Read more via hetluxlab.nl.
‘‘The calmer you feel in an outdoor space, the longer you want to stay there. As a result, there is more social control and, therefore, safety. Light has a great influence on that.’’Ellen de Vries | The Lux Lab
Eindhoven's city center is undergoing a transformation. The municipality is working on a streetscape that better suits this dynamic city where tech, design, and knowledge come together. Lighting is an important part of this. Lighting can make (or break) the ambiance in public spaces.
Eindhoven started with smart lighting as early as 2013, during the redevelopment of Strijp-S. Commissioned by the Municipality of Eindhoven, the Belgian company Schredér installed smart LED lights with full color (RGB) light - the first colored street lighting ever in Eindhoven - on the Torenallee and other streets. Those fixtures can be set to bright light on a dark winter morning, for example, while warm colors are more appropriate in the evening. The lights also have a function at events. For example, they can be used to guide crowds during, before, or after a concert or festival. In 2014, the light project at Strijp-S won the first prize in the Auroralia Award: a global prize for sustainable light projects.
The results at Strijp-S were a great start. That's why the Municipality of Eindhoven wanted smart street lighting to develop the city center further. A compact area that combines many different functions in the public space. Take Stratumseind: Eindhoven's main nightlife street, where people also want to enjoy a good meal. Or the Rechtestraat: a shopping street during the day but chilly and deserted at night, while the municipality encourages living above the stores. So how do you create a pleasant experience there?

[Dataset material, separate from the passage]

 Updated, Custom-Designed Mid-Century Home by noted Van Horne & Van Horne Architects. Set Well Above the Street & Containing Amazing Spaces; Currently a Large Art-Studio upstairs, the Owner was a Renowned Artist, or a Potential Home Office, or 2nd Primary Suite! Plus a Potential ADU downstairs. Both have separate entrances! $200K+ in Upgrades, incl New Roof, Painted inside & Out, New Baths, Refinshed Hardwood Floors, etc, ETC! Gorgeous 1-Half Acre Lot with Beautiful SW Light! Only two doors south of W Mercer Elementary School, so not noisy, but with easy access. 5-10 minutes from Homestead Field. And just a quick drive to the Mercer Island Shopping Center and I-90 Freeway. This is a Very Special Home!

The municipality issued a European tender. Their assignment was to create an interactive, smart system that lights up the city based on different scenarios and moves with the city. The system must, therefore, also be able to be adjusted outside the scenarios of the fixed lighting plan. Het Lux Lab – A lighting design agency that works in the city and thus knows the dynamics well - won the tender.
About the process
What looks good, what fits within the budget, and what is idiot-proof? When it comes to the design of public space and the choice of lighting, these questions are often leading. With Intelligent Lighting System Eindhoven, the Municipality of Eindhoven and Het Lux Lab chose a different approach. They started with the question: what do people expect from the public space? What makes them feel safe and comfortable? What do they need to achieve their goal of a visit to the city center?

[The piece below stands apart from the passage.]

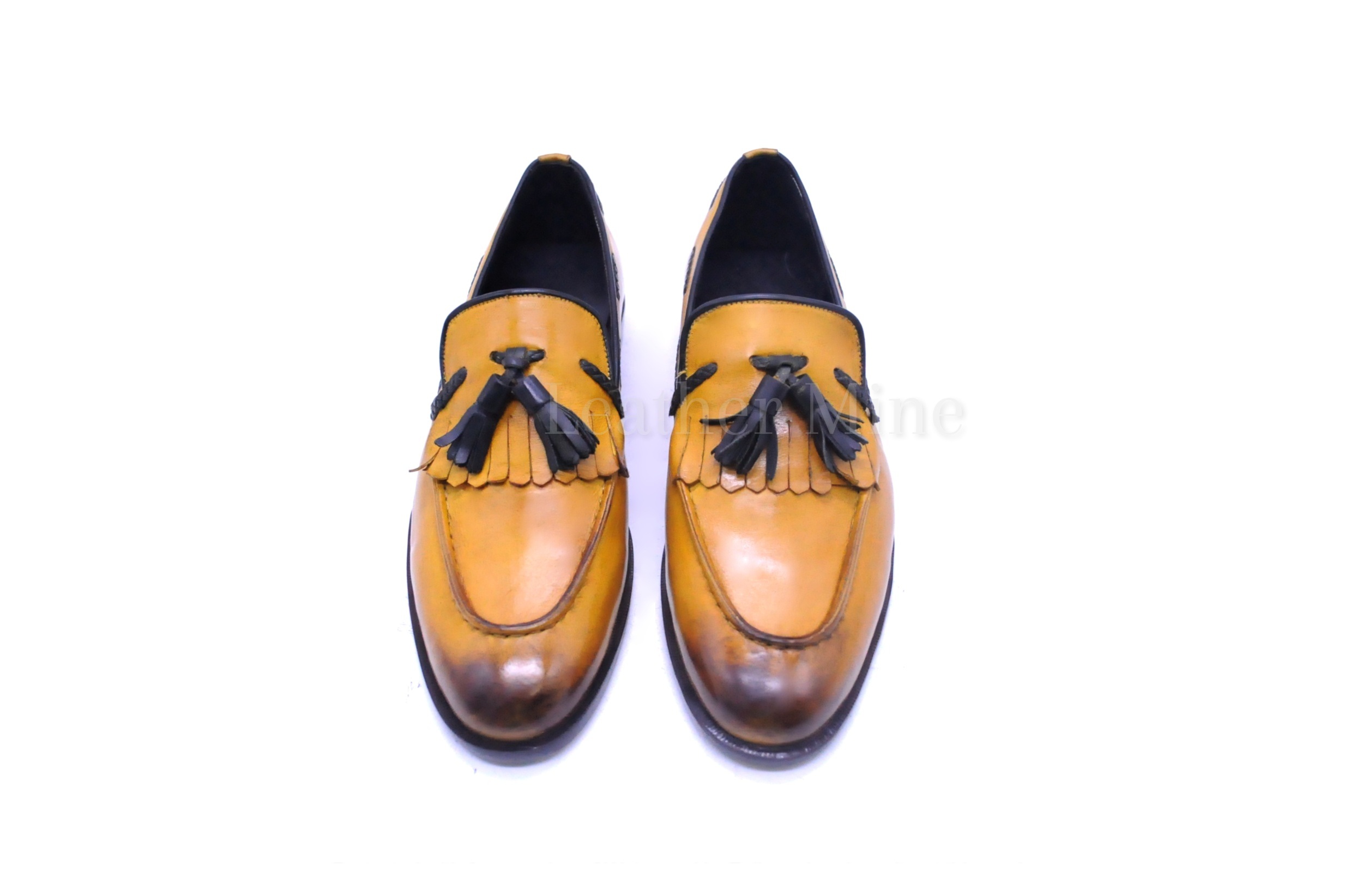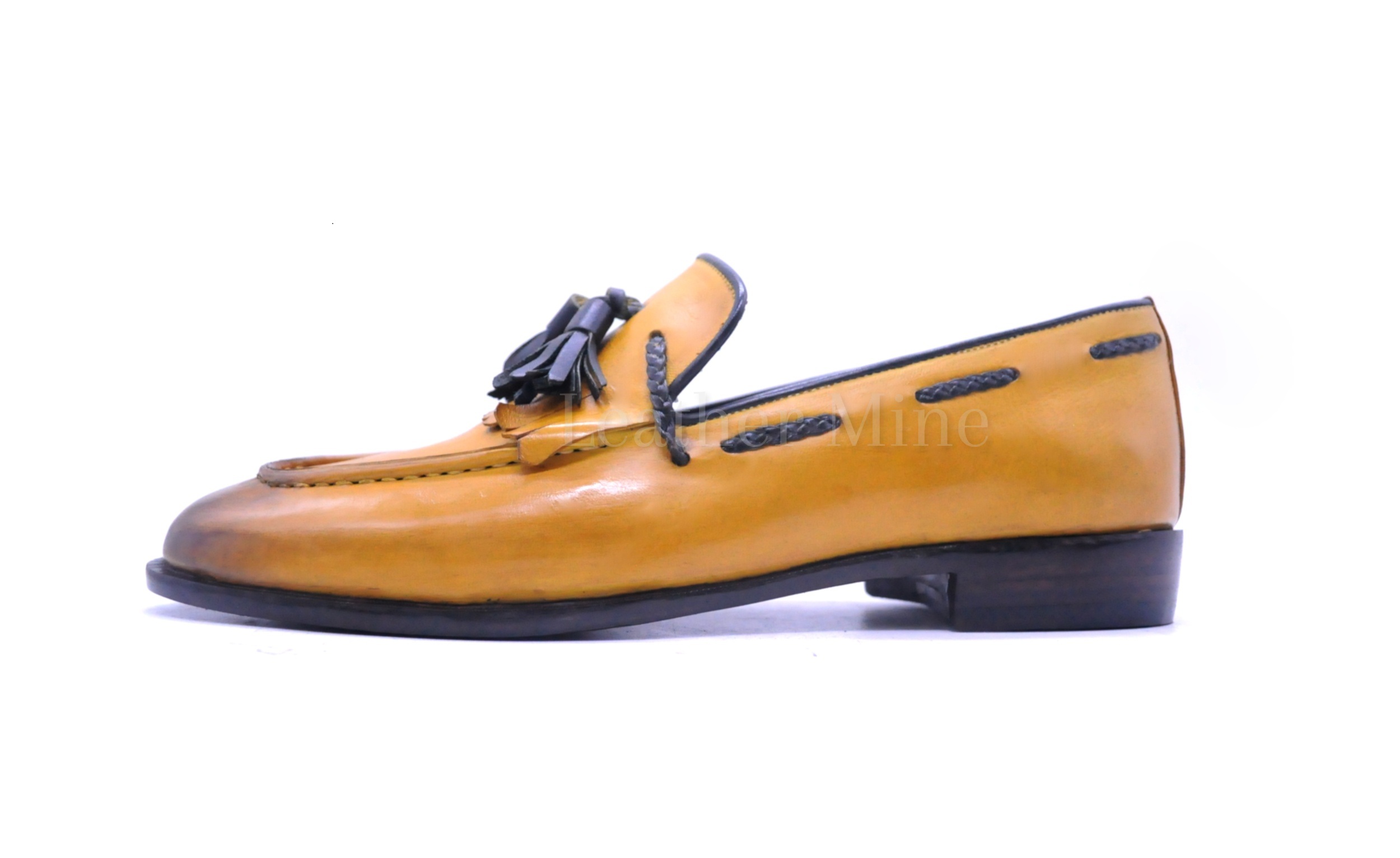 Men's Handmade Yellow Leather Loafers dress Shoes

Instead of analyzing fixture materials and choosing a particular design, a consortium of experts led by Het Lux Lab started with a survey of visitors, residents, and business owners. How do they use Rechtestraat, Demer and Stratumseind? How do they feel when they're there? What are their expectations? Using virtual reality, they then tested different lighting scenarios: seven scenarios for Rechtestraat and seven scenarios for Stratumseind. Some of the results were quite surprising. For example, a scenario with a lot of red evoked more anxiety in female participants than in men. By using neurofeedback (measuring brainwaves) to investigate what was happening in participants' minds, the research team bypassed socially desirable answers. It tested whether the emotions people gave verbally or in writing corresponded to their brain activity.
‘‘We are using street lighting to increase livability in the inner city; Eindhoven is a worldwide pioneer in this regard. We can be proud of this achievement.’’Rik van Stiphout | Municipality of Eindhoven
The assignment for Het Lux Lab was to develop five scenarios for the Eindhoven city center. They formed these based on the research data. For example, there is a scenario for when the stores close, around five or six in the afternoon. That light scenario helps people find their way home quickly. Later in the evening, Rechtestraat is primarily a residential street. With a light scenario, the new smart lighting system creates a feeling of home. Rechtestraat then almost feels like a typical street in a residential area. For the Stratumseind, there are scenarios for cocktail hour and nightlife. Atmospheric light for when people go out, and soft light for when the pubs in that street close at four in the morning. Now the police usually turn on the 'smudge light': bright, unsociable light. But bright light has the opposite effect: it causes people to produce the stress hormone cortisol, making them more active. And pedestrians, especially those under the influence, may even be more likely to react aggressively than under softer light.
Het Lux Lab chose round organic shapes for the light system's fixture. The lamp is called Pebble because it looks like one of those fine, round pebbles you can skim over the water. With this shape, the firm emphasizes softness as a counterbalance to the concrete city. The fixture is made of recycled packaging material (PET) and 3D printed. This makes the fixtures endlessly recyclable. Pebbles can be used flexibly: side by side, stacked, or underneath each other. A smart, sustainable, and unique design for the municipality of Eindhoven.
The five scenarios are just the beginning. Het Lux Lab advises the Municipality of Eindhoven to test whether the research outcomes work continually. People's needs are constantly changing, after all. Other factors to consider are the seasons or events. ILSE is equipped for this: the scenarios can be adapted or expanded if necessary or desirable. This also demands a change in how Eindhoven deals with street lighting in public spaces. Besides maintaining and cleaning the light fixtures, the municipality will also monitor whether the lighting scenarios still meet the demands of the location.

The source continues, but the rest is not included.